Mosquito spray trucks missing due to the rain

Mosquito spray trucks missing due to the rain

COLUMBUS, GA (WTVM) - Mosquitoes are one of the biggest complaints people have in the summer time, and people in Columbus are yet again finding the blood-sucking pests as a big problem this year.

With recent reports about the first West Nile Case in Georgia in 2013, people are trying to stay away from mosquitoes. Residents in Columbus, Georgia have been asking News Leader 9 about the mosquitoes spray truck that runs in downtown neighborhoods from early March to October.

Ed Saidla, the District Program Manager at the Health Department, told News Leader 9 that they have not used the spray vehicle since last fall. Saidla explained that they have been using larvicides everyday, which is a mosquito control method that attacks larvae. Saidla said this is a more effective form of mosquito control, since the Health Department can get rid of more pests this way.

Eliminating and attacking mosquitoes by using the truck that uses fogs to attack adult mosquitoes is known as adulticides. Although larvicides are more effective, Saidla said the Health Department wants to use the spray trucks as well to eliminate larger numbers of mosquitoes.
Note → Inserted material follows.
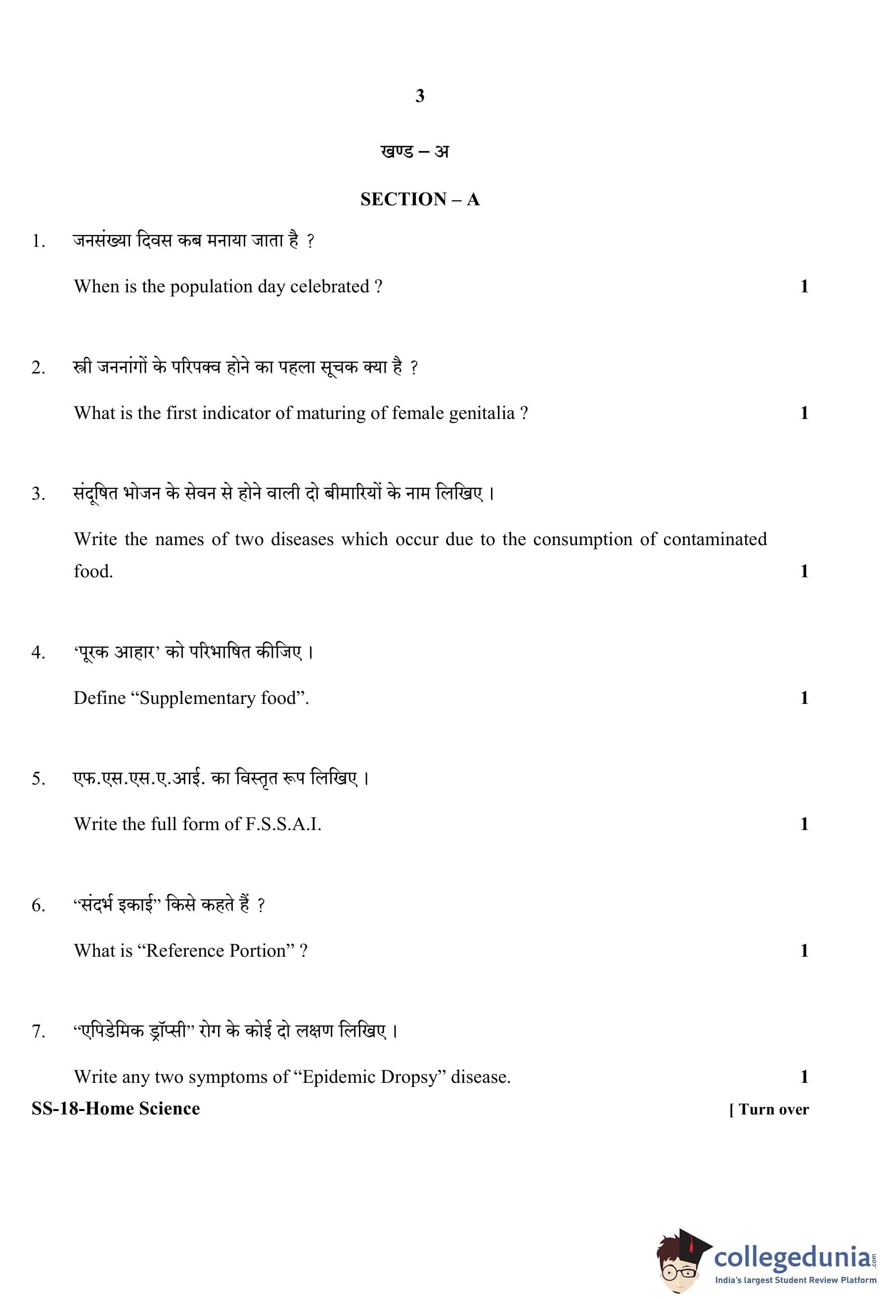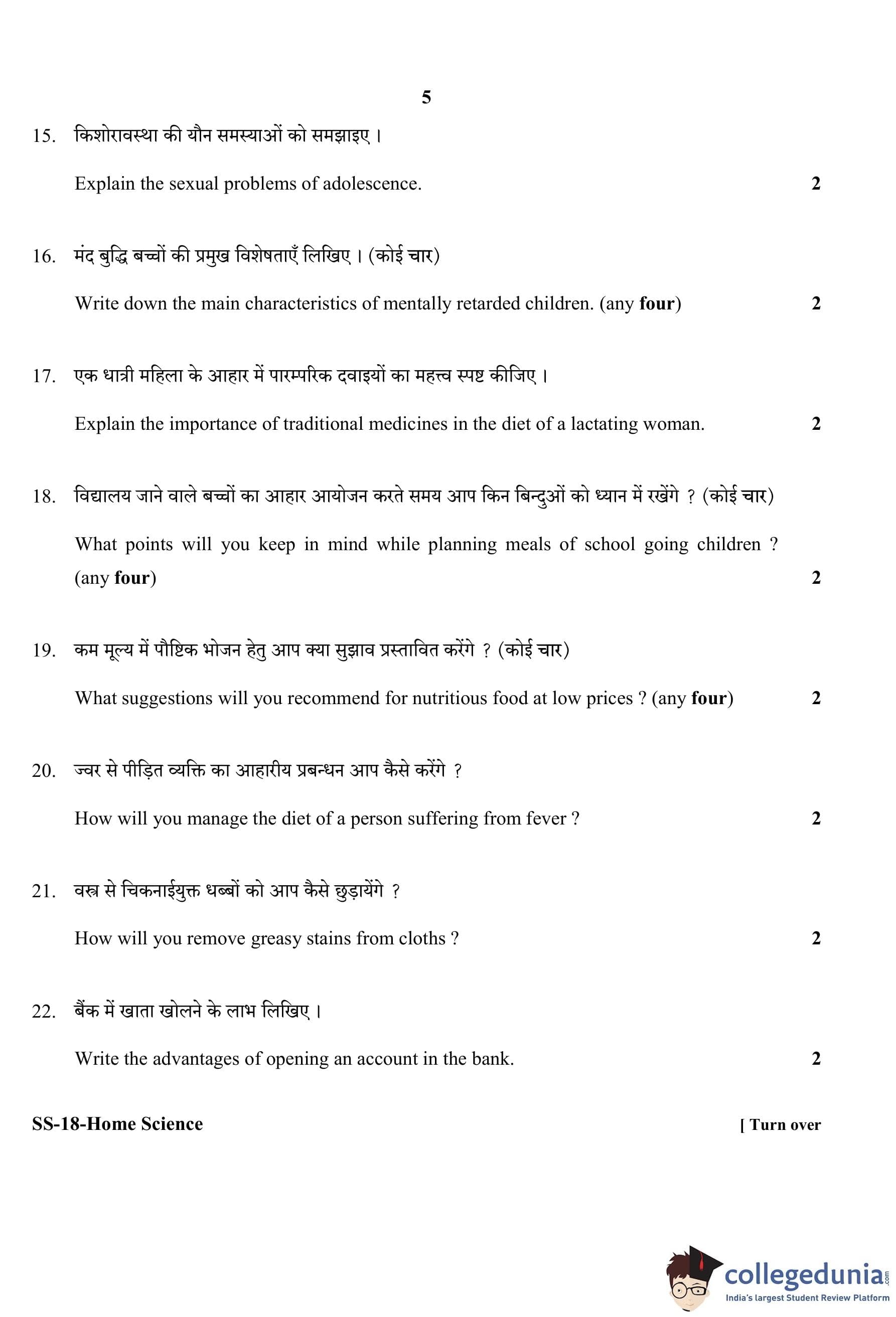 RBSE Class 12 Home Science Question Paper 2020 with Answer Key pdf is available for download here. The exam was conducted by Board of Secondary Education Rajasthan (BSER) on March 31, 2020 in the Morning Session 8:30 AM to 11:45 AM. The question paper comprised a total of 30 questions divided among 3 sections.

"We are planning on spraying sometime next week," Saidla explained. "However, the temperature, the wind speed, and the weather just have to be right for the trucks to work well. For the past few years it had been pouring and raining. So, we have not been able to use the vehicles."
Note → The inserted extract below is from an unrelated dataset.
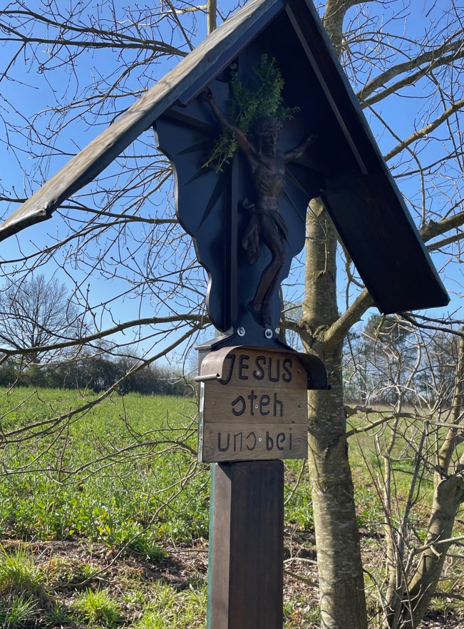 Dem einen oder anderen Spaziergänger wird aufgefallen sein, dass das Wegekreuz für ein paar Tage nicht an seinem Platz stand. Der Grund ist einfach: Über Jahre hinweg Wind und Wetter ausgesetzt, war das Holz stark in Mitleidenschaft gezogen.
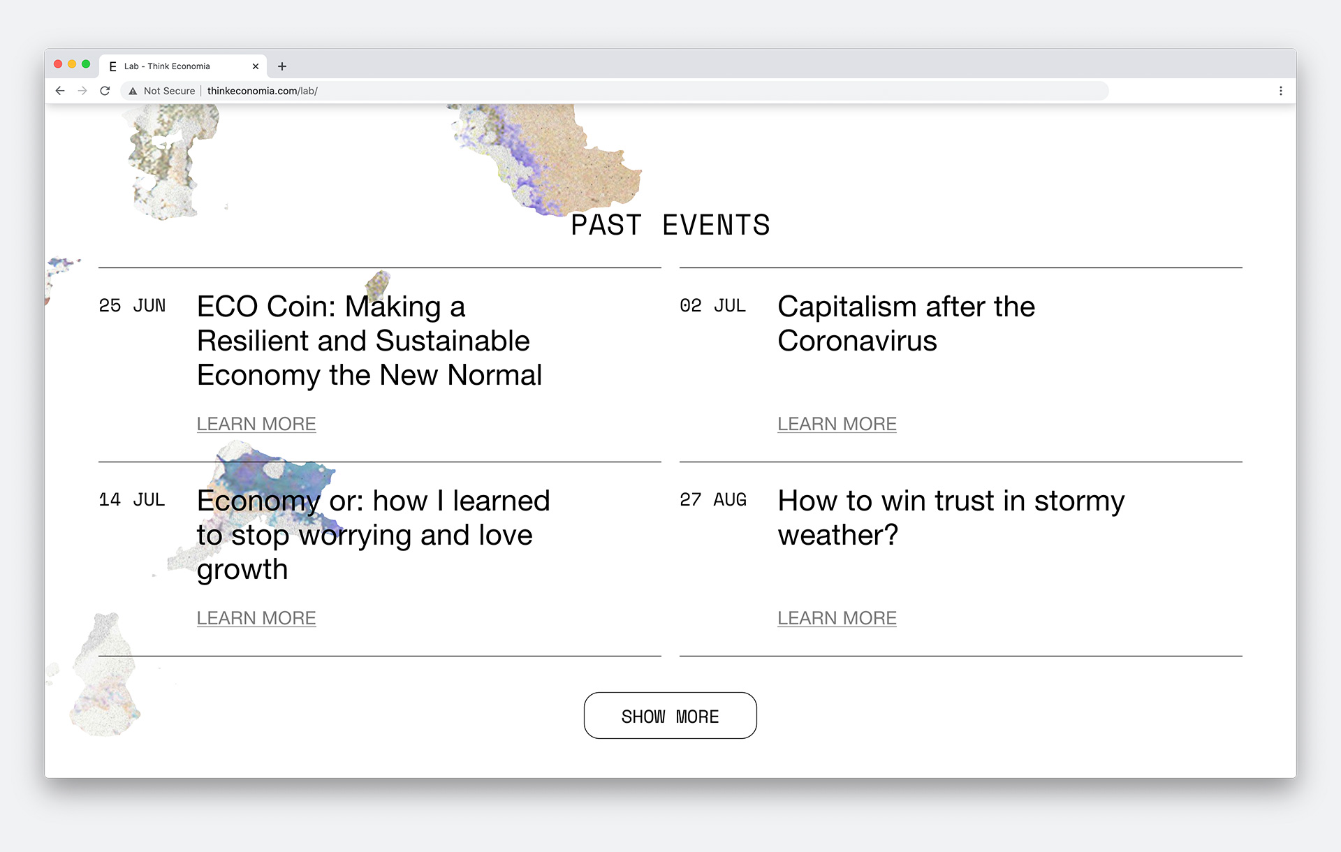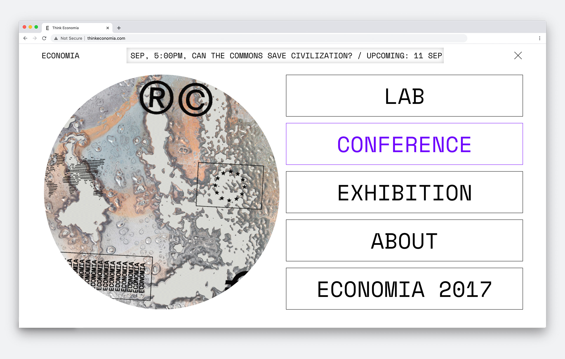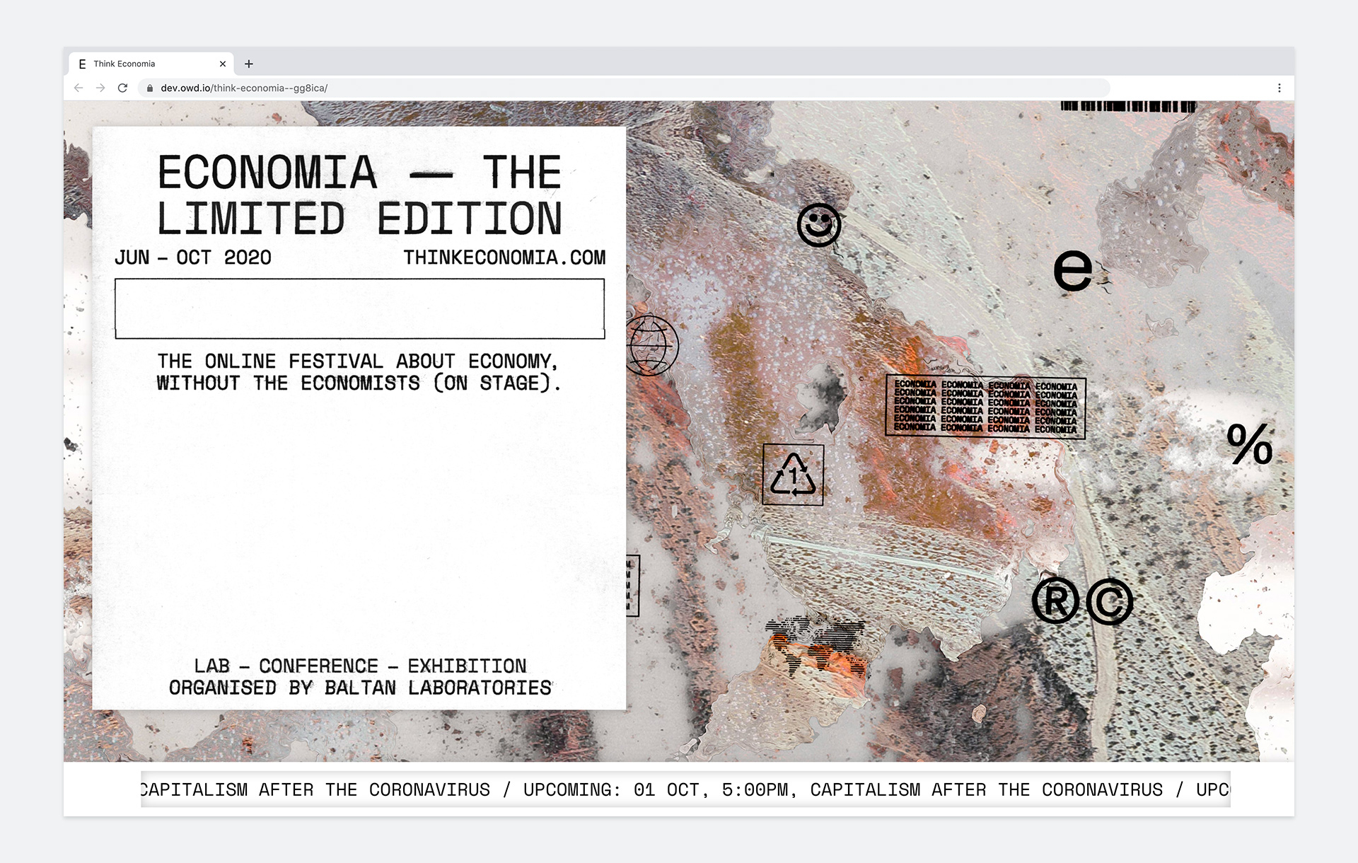 Website design for Economia Limited Edition 2020, a festival by Baltan Laboratories about the economy with a series of events happening both online and live throughout June to October.

Saidlas also said that the Health Department determines which areas to spray by the number of complaints they receive from neighborhoods, and places where people can find large number of mosquitoes like parks and downtown.

The rain has also caused the water currents in swamps, creeks and even lakes to move at a rapid rate. This situation makes it difficult for mosquitoes to breed, which is why more mosquitoes are found in people's backyard nowadays.
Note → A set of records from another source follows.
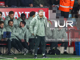 Calum McFarlane, manager of Chelsea FC U21, watches as play commences during the Vertu Trophy match between Walsall and Chelsea at the Banks's Stadium in Walsall, on October 28, 2025.
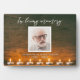 Moderne Gedenkstätte, um einem geliebten (Mann oder Frau), der verstorben ist, Tribut zu zollen, mit einem Foto von Teelicht-Kerzen vor einem rustikalen Holzhintergrund mit den Worten: "In liebevoller Erinnerung", ein Foto Ihrer Lieben, ihren Namen und ihre Jahre der Geburt und des Todes (oder jeden Text, den Sie gewollt haben). Wenn Sie Hilfe bei der Anpassung benötigen, schreiben Sie mir bitte den unten stehenden Button und ich werde Ihnen gerne helfen.
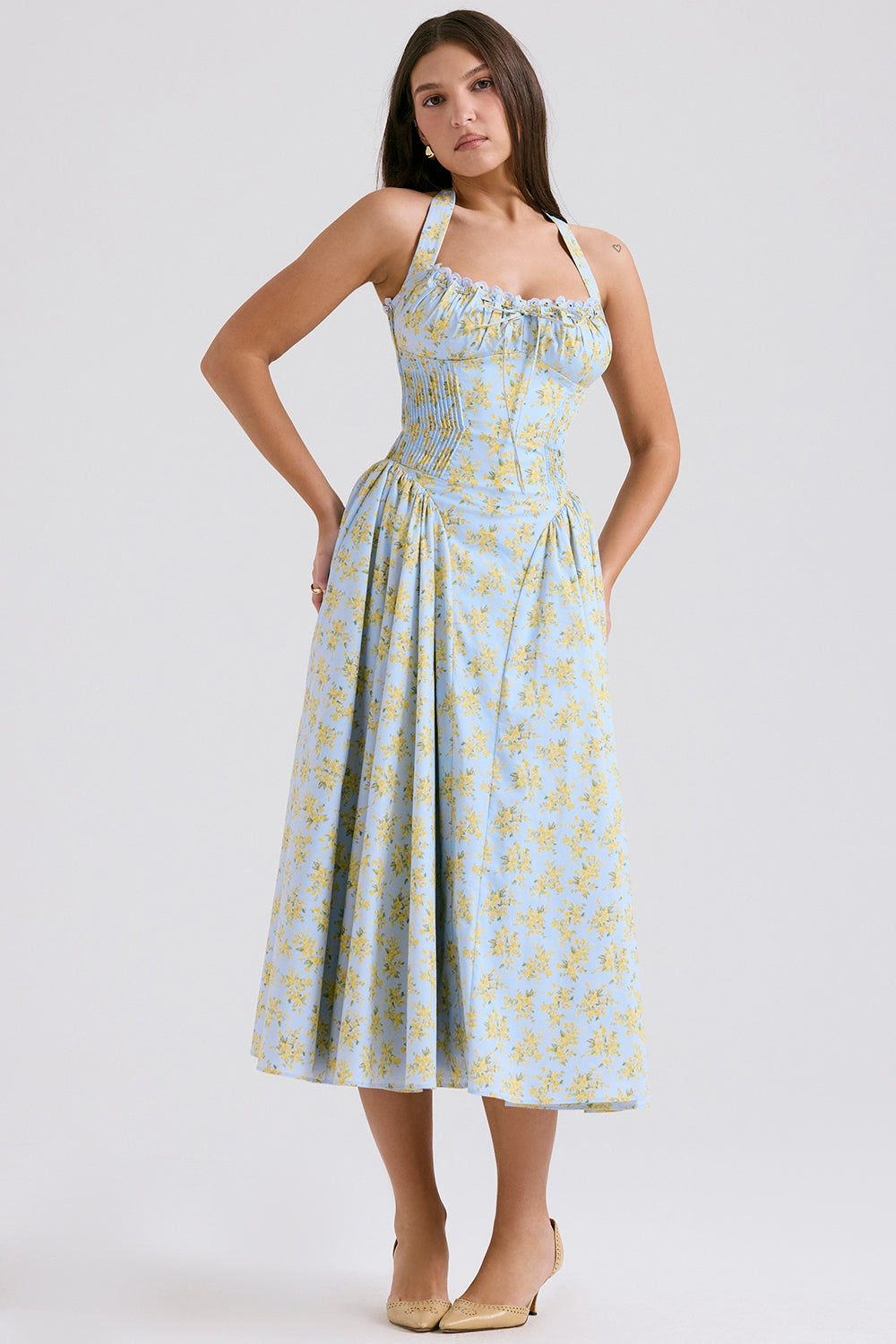 Floral Halter Neck Midi Dress

"Standing water can be found in backyards," Saidla said. "Pet's water bowl, swimming pools, flower pots…there are many materials that can collect still water, and mosquitoes breed and live around it."

Saidla explained that the sprays have improved since the last few years to the point where they stopped warning people when the trucks come to visit the neighborhoods and other parts of Columbus. In addition, Saidla gave few tips on what people can do to avoid mosquitoes.

"Use appropriate insect repellent," Saidla explained. "Keep backyards clean and free of standing water. If you are very sensitive to mosquito bites, then try wearing long sleeves. There are multiple ways to keep mosquitoes away from people, but these are the best advices I know."

The Fourth of July fireworks have been rescheduled for this Saturday on July 13, 2013. Remember to keep these tips in mind, and stay safe from mosquito bites this summer.